Title: Map Image Classificatoin Efficacy and Related Metrics for Geospatial Classification Accuracy Assessment
Description: Map image classificatino efficacy (MICE) adjusts the accuracy rate relative to a random classification baseline. Only the proportions from the reference labels are considered, as opposed to the proportions from the reference and predictions, as is the case for the Kappa statistic.
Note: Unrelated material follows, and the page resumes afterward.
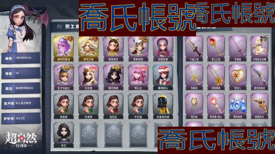 【OBCBMZW812442】金皮2;紫皮7;道具13;累充920元;金磚4;鏟鏟幣593.5萬;皮膚:小黃-遺失的童話,薇薇安-聖光之諭,小黃-呱呱雨衣,小黃-霓裳踏雪,愛麗絲-絲縷哀歌,阿念-王子與騎士,薇薇安-白光瑩,薇薇安-黑月輓歌,莉莉-情公主;道具:刺刀-小鯊匕首,鏟子-聖心之淚,桃木劍-永眠曲,長鞭-小狗蛇點點鞭,摸金符-祝禱詞,摸金符-花落精絕,腰包-寶劍八,短管獵槍-星光的裁決,音響-鳴沙鼓,熒光棒-桃心-熒光棒-桃心,噴氣揹包-乘風溯雪,轉輪手槍-新星時代,急救包-薔薇物語;飾品:頭飾-驚魂南瓜頭套,頭飾-精緻露比頭套,頭飾-大蔥明頭套,頭飾-火爆了頭套,頭飾-咬咬鯊頭套,頭飾-炙熱燒烤,頭飾-駝半仙頭套,頭飾-魚頭怪頭套,頭飾-烈焰紅唇頭套,頭飾-面具馬頭套,頭飾-哈士奇頭套,頭飾-嘻嘻頭套,頭飾-滑稽頭套,頭飾-呆滯頭套,背飾-天使的呼喚,背飾-毛球夾子,背飾-在逃小新娘,背飾-雲夢之星,掛飾-釵頭鳳,掛飾-未竟樂園;動作:動作-luvaboy,動作-鴛鴦戲,動作-鵬友搖,動作-舞臺中心,動作-心跳搖,動作-要糖,動作-舉牌,動作-律動迪斯科,動作-山楂樹之舞,動作-抬手;工牌背景:卷珠簾,情語塔,冰晶宮,點點萌伴,聖光之誓,童話扉頁;工牌動作:虔誠之姿;員工:小黃,愛麗絲,零,阿念,逍遙,薇薇安,巫鈴兒,莉莉,艾倫,愛德華,蘭;段位:超自然傳說358;等級:50;【巨人官方賬號】

This package offers means to calculate MICE and adjusted versions of class-level user's (i.e., precision) and producer's (i.e., recall) accuracies and F1-scores. Class-level metrics are aggregated using macro-averaging. Functions are also made available to estiamte confidence intervals using bootstrapping and statistically compare two classification results.
Authors: Aaron Maxwell [aut, cre, cph], Sarah Farhadpour [aut]
Maintainer: Aaron Maxwell <[email protected]>
License: GPL (>= 3)
Version: 0.2.0
Built: 2025-02-20 05:45:46 UTC
Source: https://github.com/maxwell-geospatial/micer

Help Index


Example binary classification dataset

Description

Example binary classification dataset. "Mine" is the positive case and "Not Mine" is the background class. There are 178 samples from the "Mine" class and 4,822 samples from the "Not Mine" class. Counts are relative to reference labels. Class proportions are based on landscape proportions. There are a total of 5,000 samples.

Format

ref

reference label

pred

predicted label

References

Maxwell, A.E., Bester, M.S., Guillen, L.A., Ramezan, C.A., Carpinello, D.J., Fan, Y., Hartley, F.M., Maynard, S.M. and Pyron, J.L., 2020. Semantic segmentation deep learning for extracting surface mine extents from historic topographic maps. Remote Sensing, 12(24), p.4145.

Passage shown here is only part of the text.